Please include the following items in your post-lab write-up in addition to the deliverables mentioned in the *Policies and Procedures* document.

- 1. Include the source code with comments for **all** modules in lab. You do **not** have to include test bench code. Code without comments will not be accepted!
- 2. Include the simulation screenshots requested in the above experiments in addition to the corresponding test bench console output.
- 3. Answer <u>all</u> questions throughout the lab manual.
- 4. How does the gate-count of the 16-bit *carry-lookahead* adder compare to that of a ripple-carry adder of the same size?

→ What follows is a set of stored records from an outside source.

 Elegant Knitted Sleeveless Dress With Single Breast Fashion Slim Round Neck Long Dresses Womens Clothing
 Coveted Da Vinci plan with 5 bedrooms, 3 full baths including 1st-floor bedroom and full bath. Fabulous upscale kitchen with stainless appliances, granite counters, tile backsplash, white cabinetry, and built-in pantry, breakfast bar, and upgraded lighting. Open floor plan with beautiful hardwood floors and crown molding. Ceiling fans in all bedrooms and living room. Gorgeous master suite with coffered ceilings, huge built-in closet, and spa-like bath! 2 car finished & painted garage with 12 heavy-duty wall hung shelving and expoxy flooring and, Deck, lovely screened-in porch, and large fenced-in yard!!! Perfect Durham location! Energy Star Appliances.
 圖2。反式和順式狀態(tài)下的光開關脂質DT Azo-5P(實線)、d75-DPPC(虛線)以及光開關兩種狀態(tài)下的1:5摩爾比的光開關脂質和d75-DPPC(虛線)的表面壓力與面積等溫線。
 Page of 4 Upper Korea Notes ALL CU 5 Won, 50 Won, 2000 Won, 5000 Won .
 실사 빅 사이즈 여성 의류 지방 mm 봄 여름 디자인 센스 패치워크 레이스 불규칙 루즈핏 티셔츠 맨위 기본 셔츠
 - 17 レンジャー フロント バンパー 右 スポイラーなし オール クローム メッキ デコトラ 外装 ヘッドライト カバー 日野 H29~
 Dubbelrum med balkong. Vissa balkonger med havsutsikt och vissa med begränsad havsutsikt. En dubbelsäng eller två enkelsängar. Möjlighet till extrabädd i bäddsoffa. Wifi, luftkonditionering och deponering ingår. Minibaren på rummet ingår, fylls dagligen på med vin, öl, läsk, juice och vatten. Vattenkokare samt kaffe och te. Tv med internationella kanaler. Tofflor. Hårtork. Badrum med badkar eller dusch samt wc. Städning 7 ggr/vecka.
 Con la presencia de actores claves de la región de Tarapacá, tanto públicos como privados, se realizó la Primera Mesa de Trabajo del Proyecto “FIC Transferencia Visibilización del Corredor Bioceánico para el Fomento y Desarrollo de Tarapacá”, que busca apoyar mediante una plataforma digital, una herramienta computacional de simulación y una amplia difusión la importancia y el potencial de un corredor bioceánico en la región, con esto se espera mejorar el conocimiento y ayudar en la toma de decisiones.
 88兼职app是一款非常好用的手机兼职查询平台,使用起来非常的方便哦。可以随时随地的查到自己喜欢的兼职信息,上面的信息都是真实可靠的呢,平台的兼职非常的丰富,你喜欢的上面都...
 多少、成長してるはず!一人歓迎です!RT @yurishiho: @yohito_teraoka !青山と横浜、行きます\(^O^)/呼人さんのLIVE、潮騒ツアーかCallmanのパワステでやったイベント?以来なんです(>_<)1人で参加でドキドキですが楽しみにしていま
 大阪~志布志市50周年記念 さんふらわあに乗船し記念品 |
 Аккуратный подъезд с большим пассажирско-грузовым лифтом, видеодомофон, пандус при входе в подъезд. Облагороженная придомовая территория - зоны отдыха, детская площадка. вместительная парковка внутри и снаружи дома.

5. How does the propagation delay of the 4-bit *carry-lookahead* adder compare to that of a ripple-carry adder of the same size. Similarly, how does the 16-bit *carry-lookahead* adder compare to that of a ripple-carry adder of the same size.

# 6 Important Student Feedback

The last part of lab requests your feedback. We are continually trying to improve the laboratory exercises to enhance your learning experience, and we are unable to do so without your feedback. Please include the following post-lab deliverables in your lab write-up.

**Note:** If you have any other comments regarding the lab that you wish to bring to your instructor's attention, please feel free to include them as well.

- 1. What did you like most about the lab assignment and why? What did you like least about it and why?
- 2. Were there any section of the lab manual that were unclear? If so, what was unclear? Do you have any suggestions for improving the clarity?
- 3. What suggestions do you have to improve the overall lab assignment?